Mais alors, qu’allons-nous faire, maintenant que l’espoir de cette occupation n’est plus ? L’espace d’un instant, pendant ces quelques jours, nous avions pourtant cru « qu’un autre monde était possible ».

Heureusement, cette dernière proposition, oubliable à plein d’égards, laisse sur nos palais le goût qui permet d’oublier et donne la force de continuer. Au milieu de l’élégant je-m’en-foutisme auquel le metteur en scène nous a habitué, plane certaines saveurs qu’il semble aujourd’hui être le seul à savoir si bien cuisiner.
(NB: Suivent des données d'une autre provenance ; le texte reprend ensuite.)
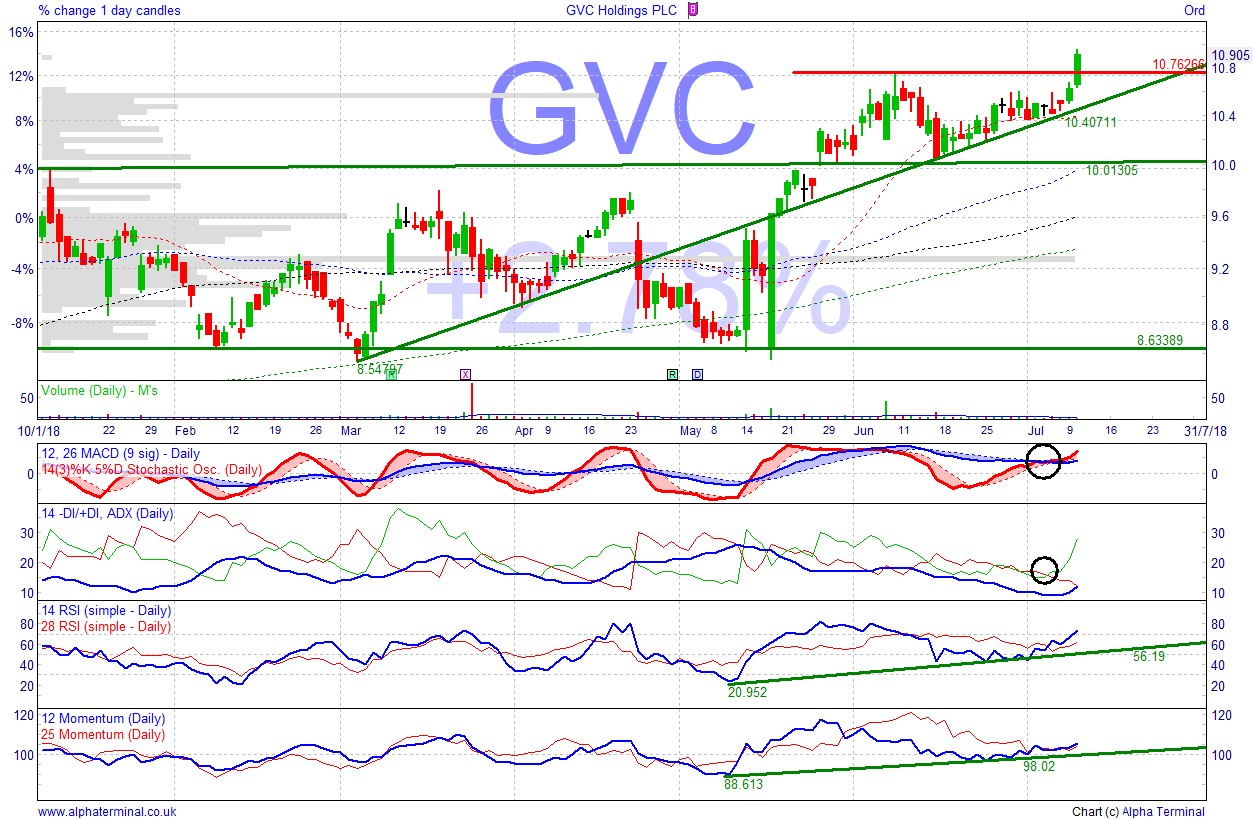 Shares at record highs implies little resistance. Broker Numis (20 Jun) says GVC is its top pick in the sector, even as the UK government raises duty on remote gambling to offset the loss from reduced takes on machine gambling. Broker Berenberg (5 Jun) says GVC is its top pick, upside to its current business before more optionality. 3% div yield. Recently promoted to the UK 100 . Acquired Ladbrokes Coral last year.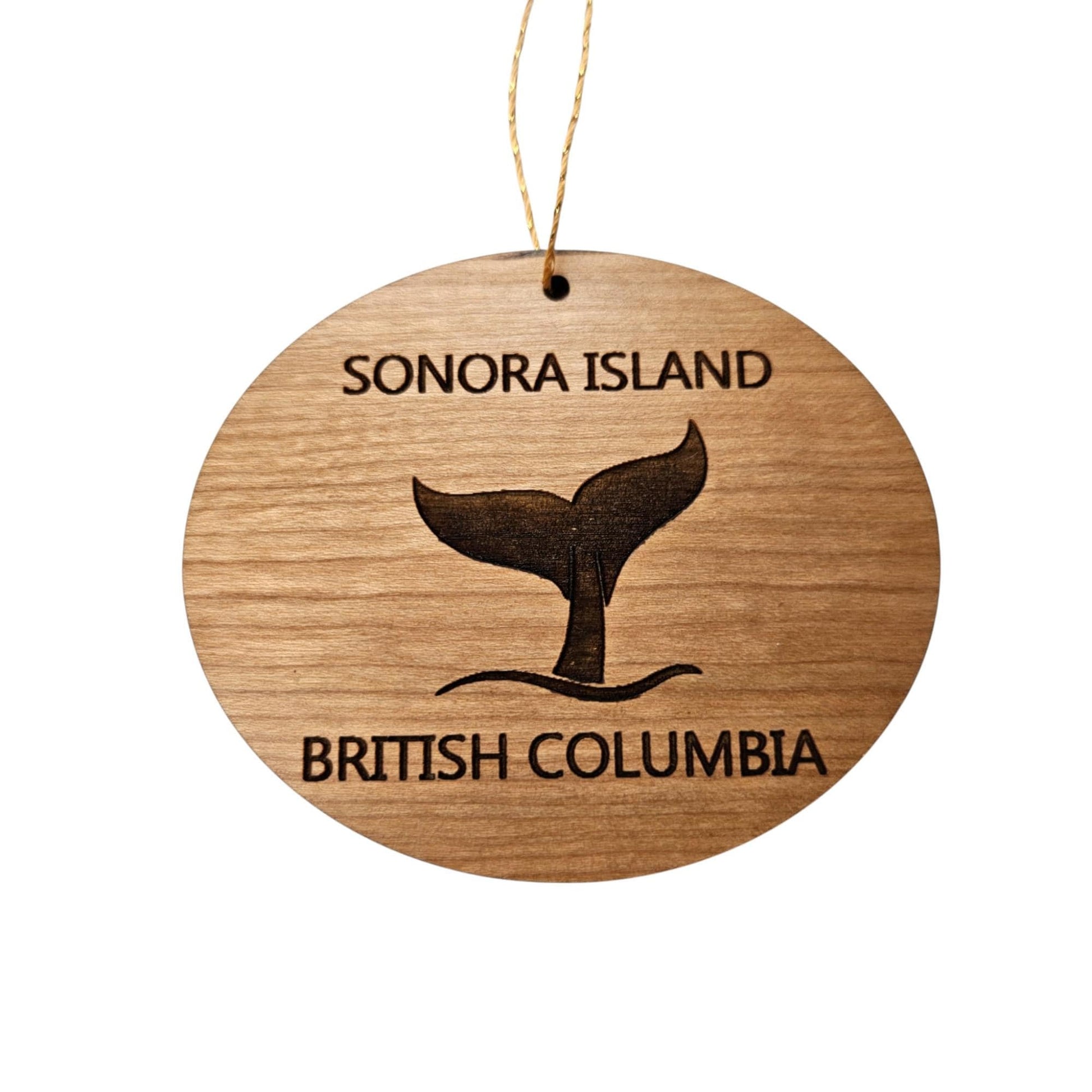 Sonora Island Souvenir Ornament with a Whale Tail and engraved with a Sonora Island British Columbia namedrop. These wood laser cut handmade ornaments are made in our little father and daughter woodshop in northern California and make a great Vancouver Island memento or souvenir for anyone who has visited or is visiting Vancouver Island Canada.

En premier lieu d’abord, celle de l’absurde. L’absurdité de la lutte contre l’oubli, contre la mort, contre la fin et contre tout ce qui nous empêche. Ainsi s’évertue une actrice à apprendre par cœur toutes les chansons que les passants de la rue de la Roquette ont dans la tête, pendant qu’une autre ne cesse de ressasser l’histoire qu’elle n’a pas eue ; celle qui aurait pu lui donner un fils. Enième tentative d’illustration du Saudade portugais ? Certainement pas. Injonction d’espérance fantastique, plutôt. Car “à force d’imaginer l’enfant qu’elle n’a jamais eu, elle (l’actrice) reçoit une lettre de lui”. Folie du Théâtre. De nos histoires oubliées. Leçon de vie.

Vient ensuite la force intrinsèque du texte, qui fait de cet artiste plus qu’un simple conteur d’histoires et l’inscrit parmi ceux qui aujourd’hui participent à un autre Théâtre. Après les bites qui volent, les fesses qui claquent et les seins qui ballottent, c’est un théâtre purement textuel à l’intelligence fondamentalement dramaturgique que Tiago Rodrigues propose ici. Entre métadiscours, présent, passé et avenir, cette histoire du futur de l’occupation que nous vivons aujourd’hui à La Bastille offre non seulement une possibilité de réfléchir sur l’imbrication du présent du Théâtre avec celui de nos vies, mais nous permet aussi de ressortir regonflés par l’espérance acquise.

Regonflés, mais non plus comme de simples militants politiques. Comme les lucioles de Didi-Huberman, le spectateur sort espérant de ce flottement temporel. Présent/Passé/Futur, les temps s’entrechoquent et se brisent sur la digue de la certitude d’une possibilité par l’art et par l’empathie à l’égard de ce que nous vivons. Car oui, le déclinisme n’est que bêtise… Certains de nos combats et idéaux sont encore crédibles, semble-t-il nous dire ! Et pour preuve : l’occupation du Théâtre de La Bastille terminée, tout continue, puisque nous voila projetés en 2036, avec sur la scène cet acteur qui hurle à nos yeux humides “Y A-T-IL DE NOUVEAUX PROJETS ?”.